Penampilan Vinicius menjadi pembeda di tengah pertandingan yang berlangsung ketat sejak menit awal. Kecepatan, kreativitas, dan kemampuannya menembus pertahanan lawan membuat Brasil mampu keluar dari tekanan setelah sempat tertinggal lebih dahulu.

“Kami tidak pernah menyerah dan terus mencari cara untuk kembali ke pertandingan,” demikian gambaran semangat yang tercermin dari permainan Brasil sepanjang laga ketika berupaya mengejar ketertinggalan.

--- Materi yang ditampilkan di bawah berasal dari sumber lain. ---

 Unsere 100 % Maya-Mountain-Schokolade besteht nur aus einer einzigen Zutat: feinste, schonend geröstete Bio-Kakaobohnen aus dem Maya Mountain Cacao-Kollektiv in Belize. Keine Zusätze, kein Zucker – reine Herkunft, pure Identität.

Maroko sebenarnya lebih dahulu memimpin melalui gol Ismael Saibari pada menit ke-21. Proses gol diawali umpan terobosan Brahim Diaz yang sukses membelah lini pertahanan Brasil sebelum diselesaikan dengan tenang oleh Saibari di hadapan penjaga gawang Alisson.

Keunggulan tersebut membuat tim asal Afrika Utara semakin percaya diri mengendalikan ritme permainan. Brasil dipaksa meningkatkan intensitas serangan untuk mencari gol penyama kedudukan.

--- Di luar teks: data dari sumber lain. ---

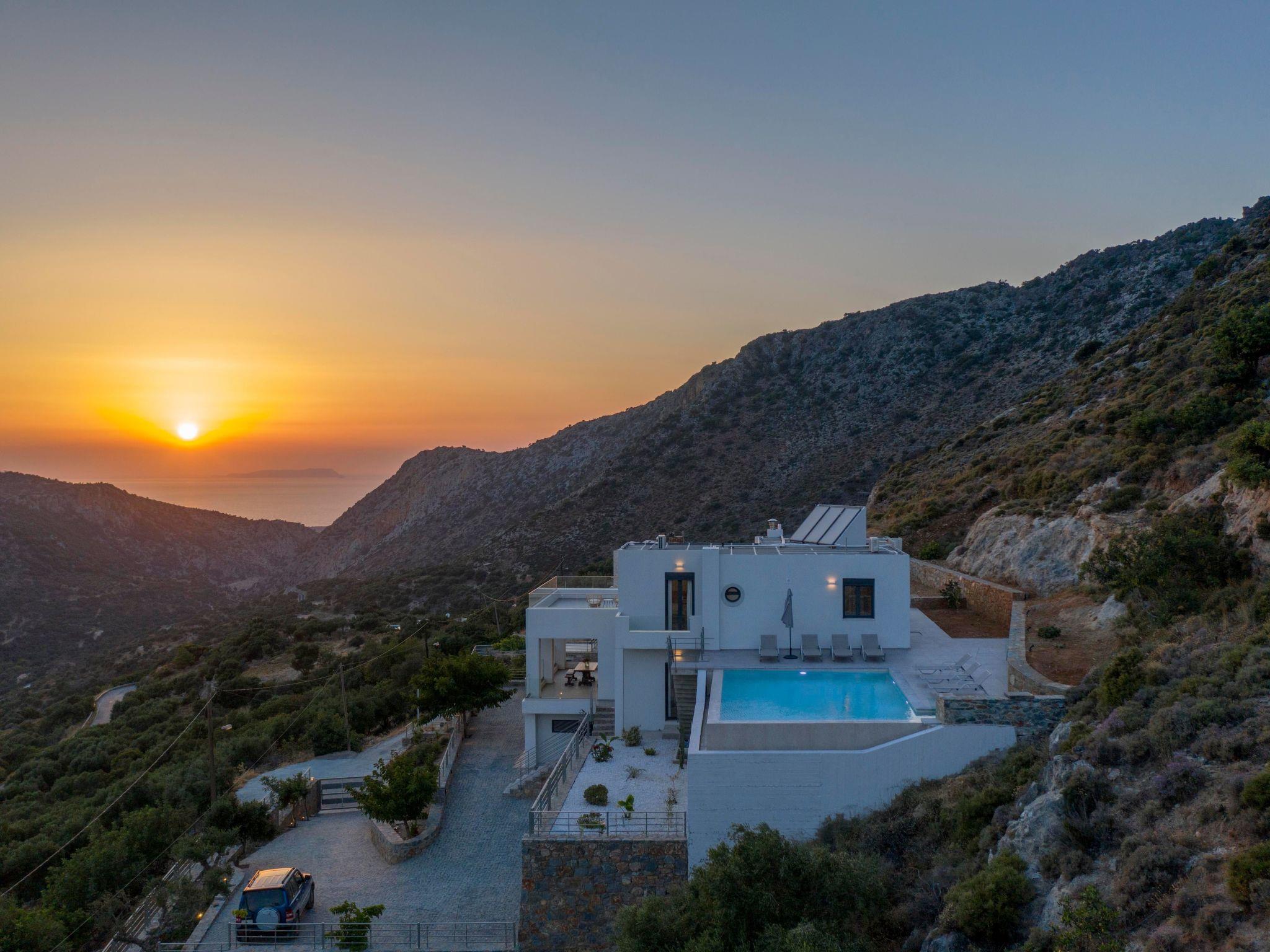 The estate is built on the upper level of the village and faces the North to North-West. This unique spot, offer a breathtaking view of the sunset from the front veranda, that extends to the small island of Dia, North of Crete. The location provides the privacy required to enjoy your much-required vacation, yet it offers easy access to many beautiful beaches on the North of Crete, like Sissi and Malia, as well as worth-visiting attractions, such as Elounda, Spinaloga, Agios Nikolaos and Heraklion.Villa AiresWe are dedicated to providing memorable stays for travelers who seek to enjoy tranquility and luxury in a serene environment. but also the ideal basis for those who want to explore the east of Crete, the Elounda area, Agios Nikolaos town and the beautiful beaches of the South.It’s been only 3 years since Villa Adagio welcomed its fists guests; during all this period we met special people who got really enthusiastic with our services. This is how Villa Aires comes of, following the same philosophy and culture. Our goal was to create a luxurious point of hospitality in an untouched mediterranean landscape next to Vrachasi village. The village of Vrachasi maintains its traditional and authentic aesthetics while being unspoiled from the activities of massive tourism. Aires Villa is located on the foothills of Anavlochos mountain and it offers you a breathtaking panoramic view over the hills of Lasithi and over the cretan sea.The Villa consists of 5 bedrooms, 5 bathrooms and 1 WC in 3 separate levels. On the ground floor there is a living room, a kitchen, an additional WC,one bedroom with an ensuite bathroom. On the first level there are two bedrooms and one more bedroom with an ensuite bathroom. The underground floor there is a detached guest house with an ensuite bathroom.The 50m2 infinity pool is eco-friendly with salt-electrolysis and it is located on the higher floor of this property offering an amazing experience of swimming and relaxing, with an incredible view.

Upaya itu membuahkan hasil pada menit ke-32 ketika Bruno Guimaraes mengirim bola kepada Vinicius Junior di sisi kiri kotak penalti. Penyerang berusia 25 tahun tersebut menggiring bola ke area yang lebih terbuka sebelum melepaskan tendangan kaki kanan yang gagal dijangkau Yassine Bounou.

“Gol itu memberi kami momentum untuk bangkit dan mengembalikan keseimbangan pertandingan,” menjadi cerminan pentingnya aksi Vinicius dalam mengubah jalannya laga.

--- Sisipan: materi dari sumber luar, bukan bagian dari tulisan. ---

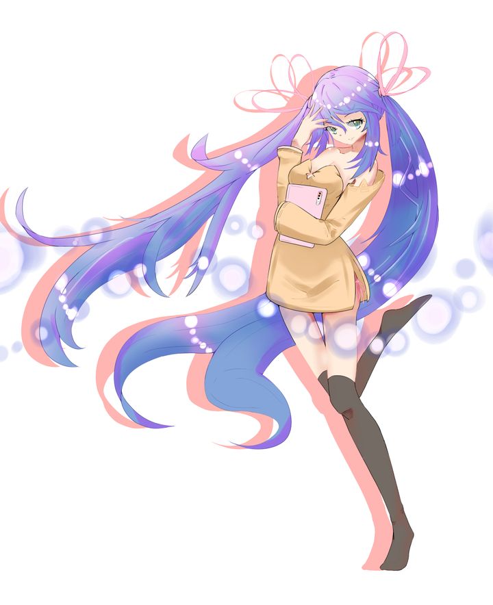 画师的碎碎念:晴梦慧的形象是三人中我第一个画的,其本人对形象没什么要求让我随意反而让我有点苦恼。几个月不碰画笔之后突然提笔,说实话我还是有点拿不定主意,但是冥冥之中就想把她画得神秘,冰冷而又充满智慧,所以给她设计了蓝色的长发,但是她曾经也是一个温柔,热心又善解人意的大姐姐,所以衣服使用了暖色调。一开始的设计是裸足来的,不过在琳的要求下穿上了过膝袜。光斑一开始是没有的,稍微加上一点发现效果还不错,就多用了点,现在看来有些太多了。

Menjelang turun minum, Brasil hampir membalikkan keadaan melalui tendangan akrobatik Lucas Paqueta. Namun, refleks cepat Bounou membuat peluang emas tersebut gagal berbuah gol sehingga babak pertama ditutup dengan skor 1-1.

Memasuki babak kedua, kedua kesebelasan terus saling menekan. Maroko memperoleh beberapa kesempatan berbahaya, tetapi Alisson tampil disiplin dan melakukan dua penyelamatan penting, terutama pada masa tambahan waktu yang menjaga Brasil terhindar dari kekalahan.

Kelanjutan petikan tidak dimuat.